▶ [Data extract]:
========================================================================
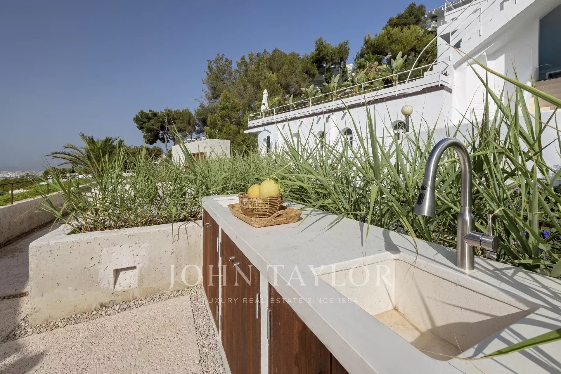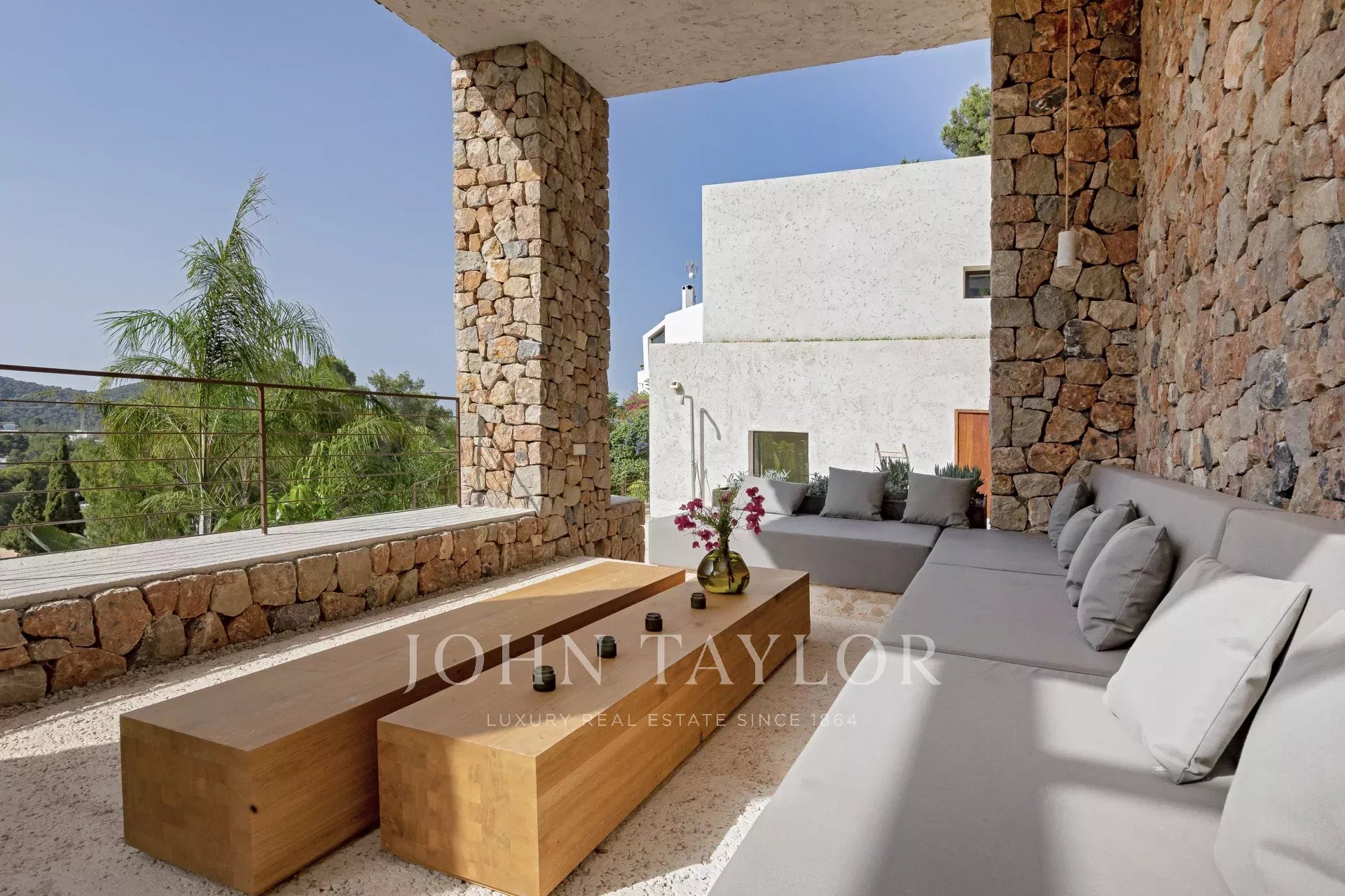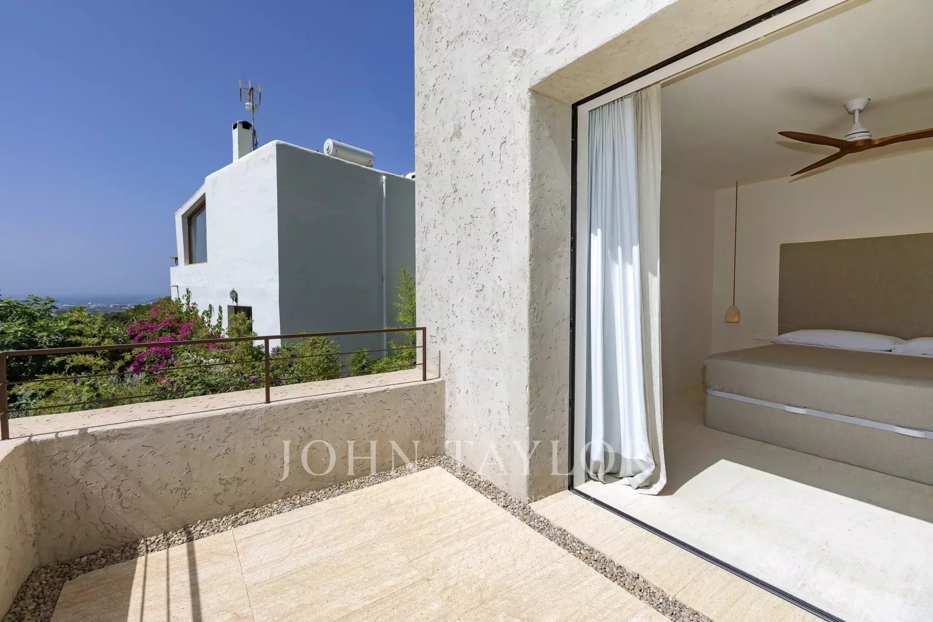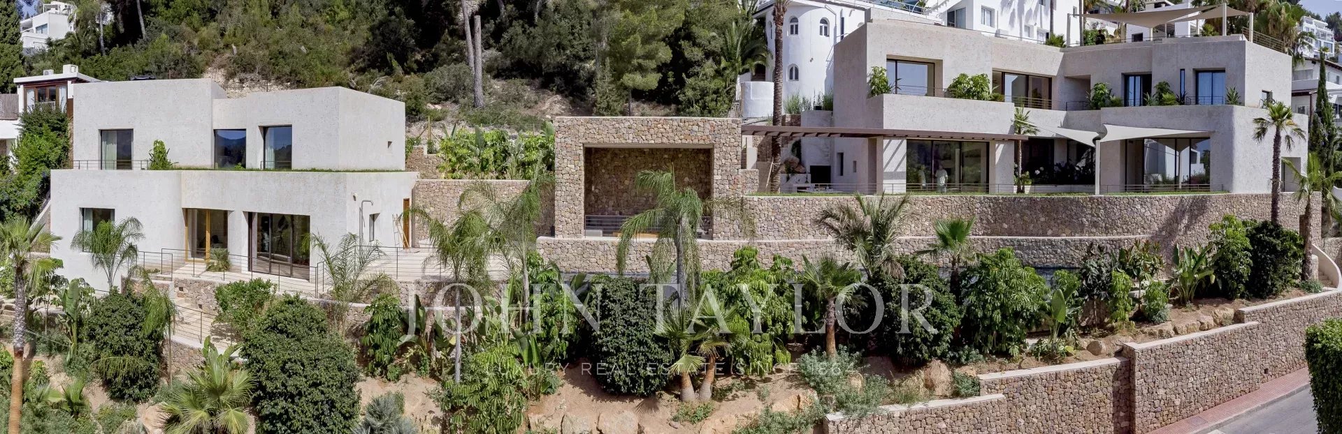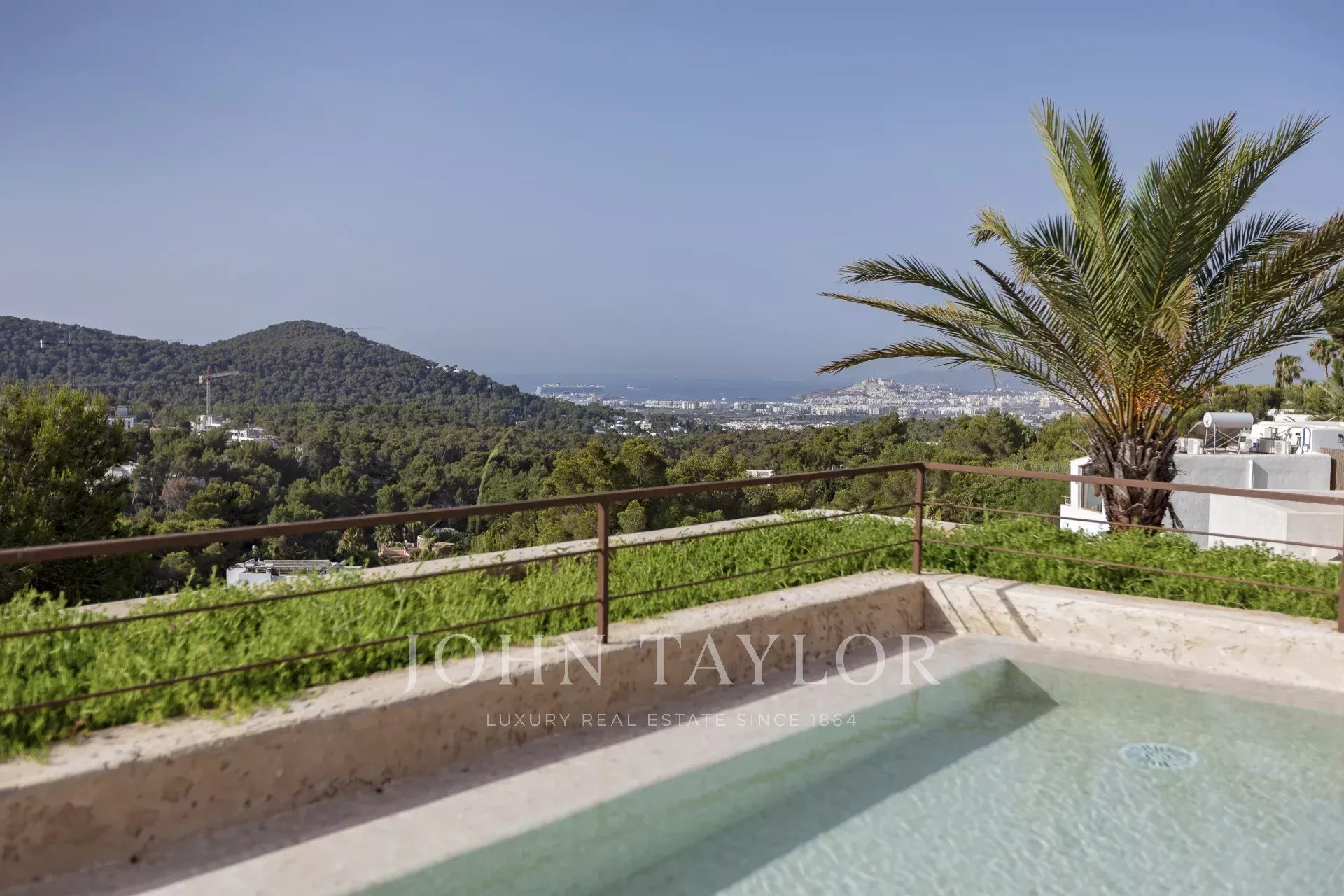 Das ganze Haus mit Blick auf Ibiza und das Mittelmeer, mit einer sehr mediterranen Architektur und seine Pflanzen im Schwimmbad machen dieses Haus einzigartig in der Gegend.
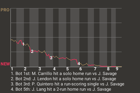 2 (16, 1st Inning off J. Savage, 0 on, 2 outs; 7th Inning off J. Carreon, 0 on, 0 outs)
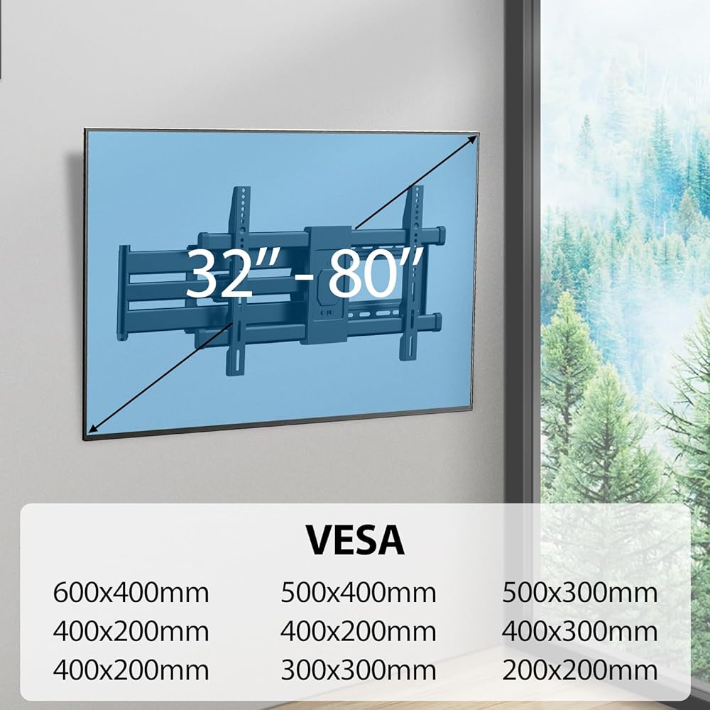 Wide Compatibility: The SHTUMEC TV wall mount fits most 32"-80" TVs with VESA patterns up to 600x400mm. Compatible with wood stud, concrete, and brick wall mounting. DO NOT install the mount on drywall alone.
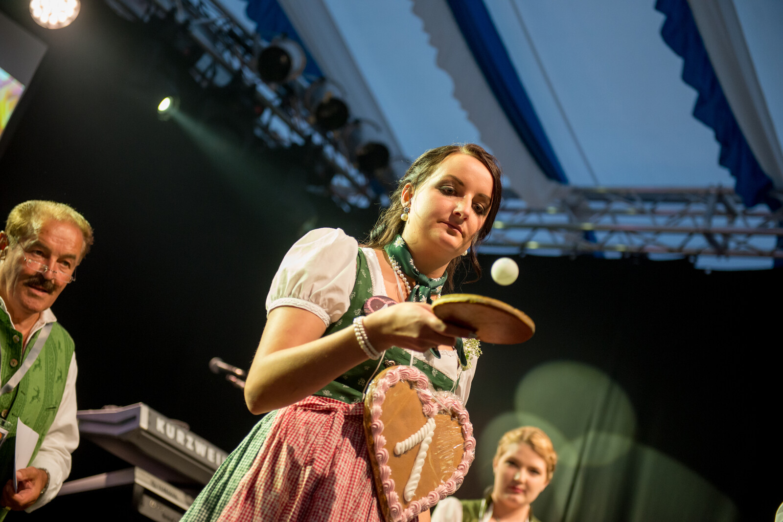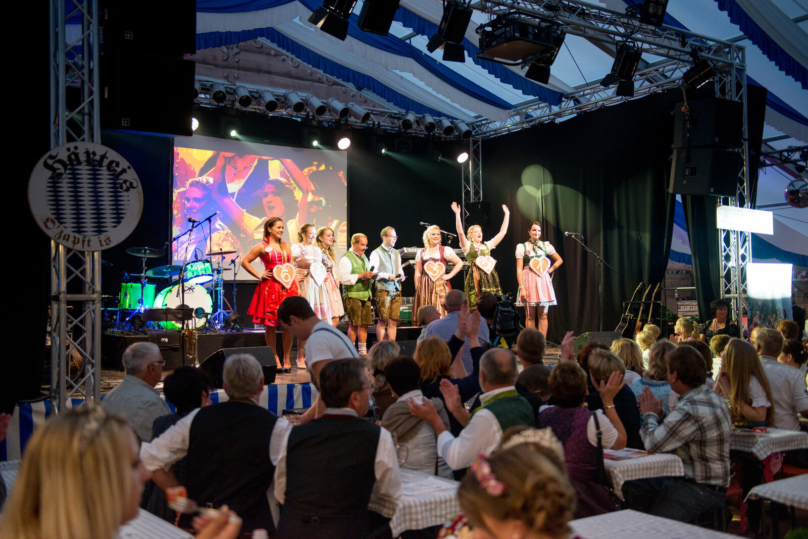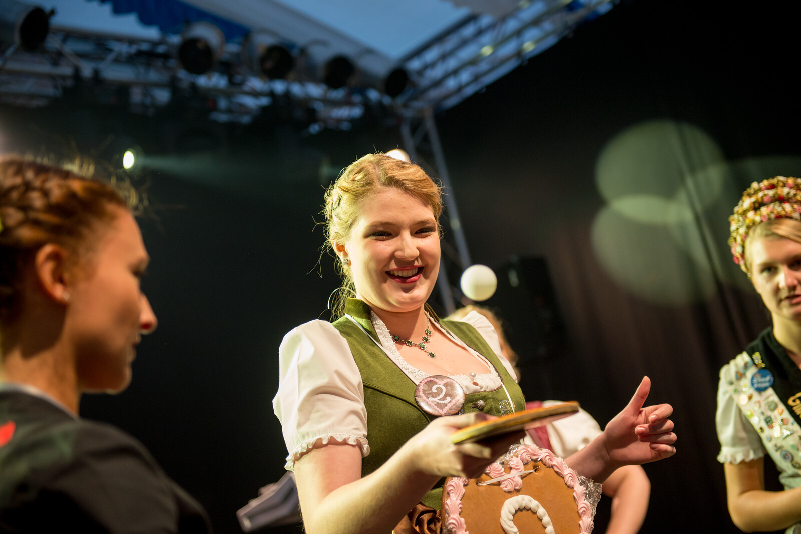 Julia und Dani holten sich am Montag im vollen Jungbräuzelt die Kronen der Gillamoos Dirndlkönigin und ihrer Vize.
========================================================================
▶ [Aim of the exercise]:
Exactly the lines from the line that contains "Wide Compatibility: The" through the last line above, and no other lines, must be output, with pictures excluded.

▶ [Task result]:
 Wide Compatibility: The SHTUMEC TV wall mount fits most 32"-80" TVs with VESA patterns up to 600x400mm. Compatible with wood stud, concrete, and brick wall mounting. DO NOT install the mount on drywall alone.
 Julia und Dani holten sich am Montag im vollen Jungbräuzelt die Kronen der Gillamoos Dirndlkönigin und ihrer Vize.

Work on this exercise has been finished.